Q: What does FUBU really stand for? A: Farmers used to buy us.
Patient: "Doctor, my son has swallowed a pen. What can I do?" Doctor: "Use a pencil till I come to see your son."
In the war, a German ship suspected that they were being tracked by an Irish submarine. Unfortunately, they had used up all of their depth-charges. As an alternative, one of their Divers decided to swim down to the submarine and knock on the door.
Q: Why do German shower heads have 11 holes? A: Jews have 10 fingers.
Why are test tube babies the most beautiful ones? Because they're hand made.
Q: Where did OP go in the explosion? A: Everywhere.
While examining the the body of Mr. Schwartz, a mortician notices that Schwartz has the largest penis he has ever seen. "I'm sorry, Mr. Schwartz," says the mortician, "But I can't send you to be cremated with a tremendously huge penis like this. It has to be saved for posterity." The mortician removes the penis, places it in a jar and puts the jar in his briefcase. When he gets home, he decides to show it to his wife. "I have something to show you that you won't believe," he says, removing the jar from his briefcase. "Oh my God!" she screams, "Schwartz is dead!"

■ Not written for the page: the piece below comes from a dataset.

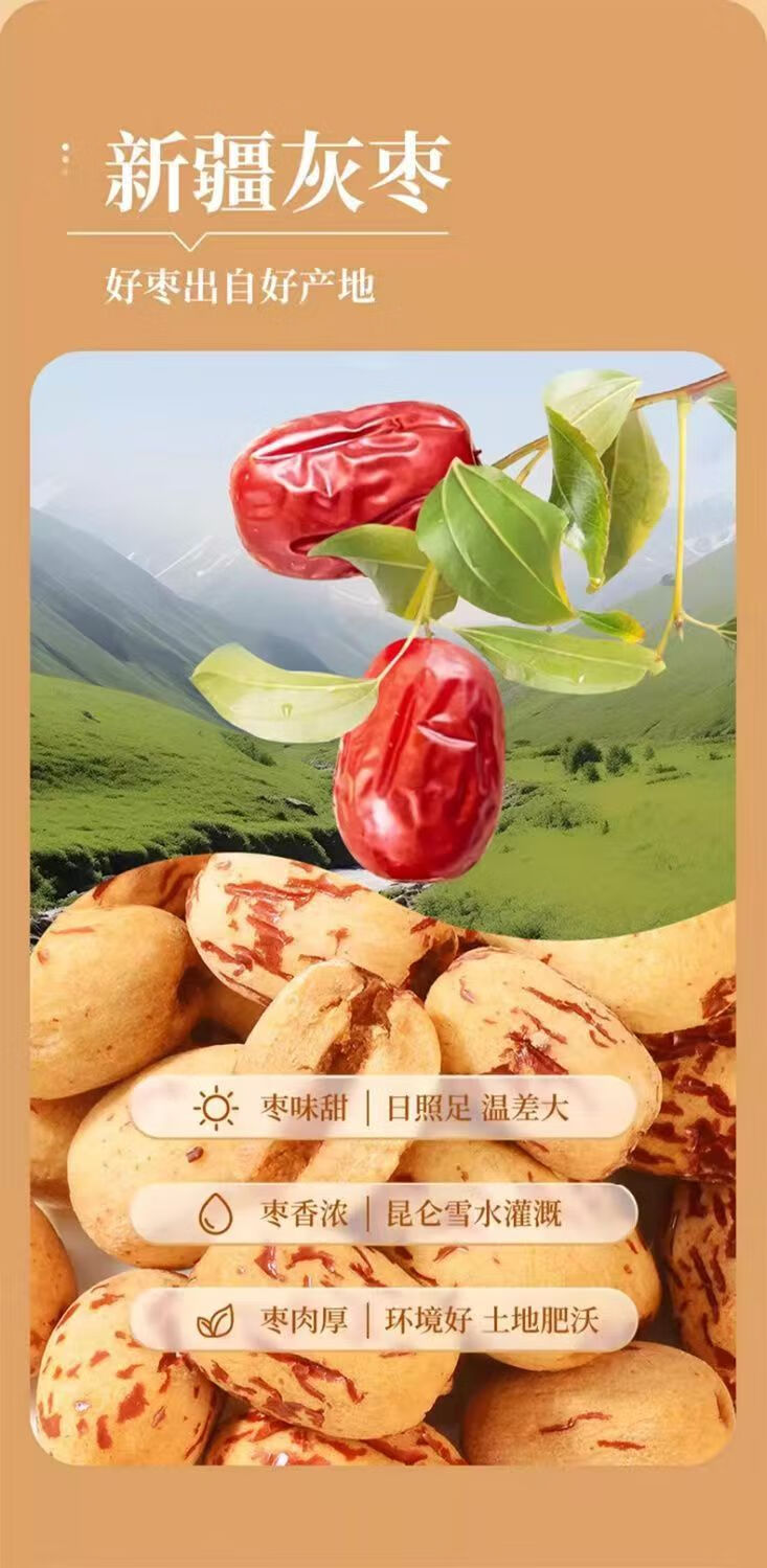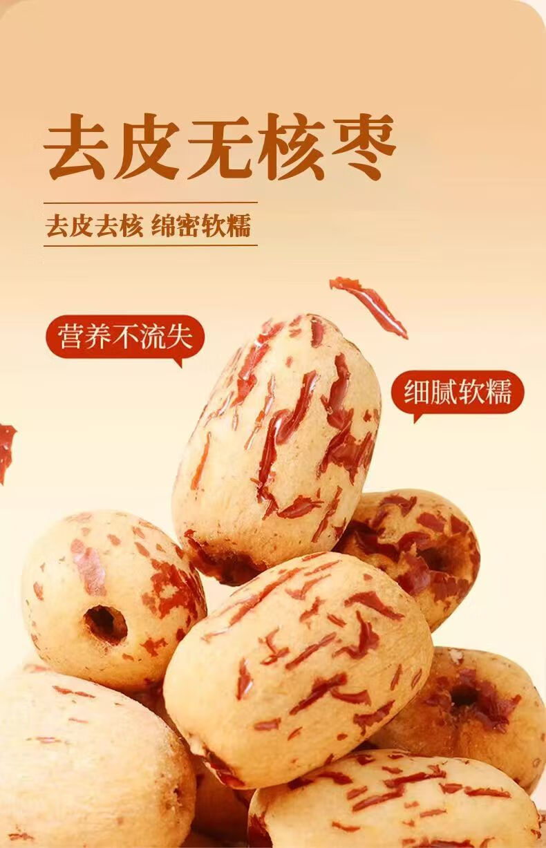 天山雪糯枣新疆红枣无核去皮虎皮枣免洗补气助睡老人儿童零食 1000克

Went to a Muslim birthday party the other day. It was great fun, we blew up a bouncy castle and then had a really intense game of pass the parcel.
Came out the gym the other day and cop asked me how I got that body. I said, "I don't know officer, I just opened the trunk and there she was"
A cab driver reaches the pearly gates. St. Peter looks him up in his Big Book and tells him to pick up a gold staff and a silk robe and proceed into Heaven. Next in line is a preacher. St. Peter looks him up in his Big Book, furrows his brow and says, "OK, we'll let you in, but take that cloth robe and wooden staff." The preacher is shocked and replies, "But I am a man of the cloth. You gave that cab driver a gold staff and a silk robe. Surely I rate higher than a cabbie!" St. Peter responds matter-of-factly, "This is Heaven and up here, we are interested in results. When you preached, people slept. When the cabbie drove his taxi, people prayed."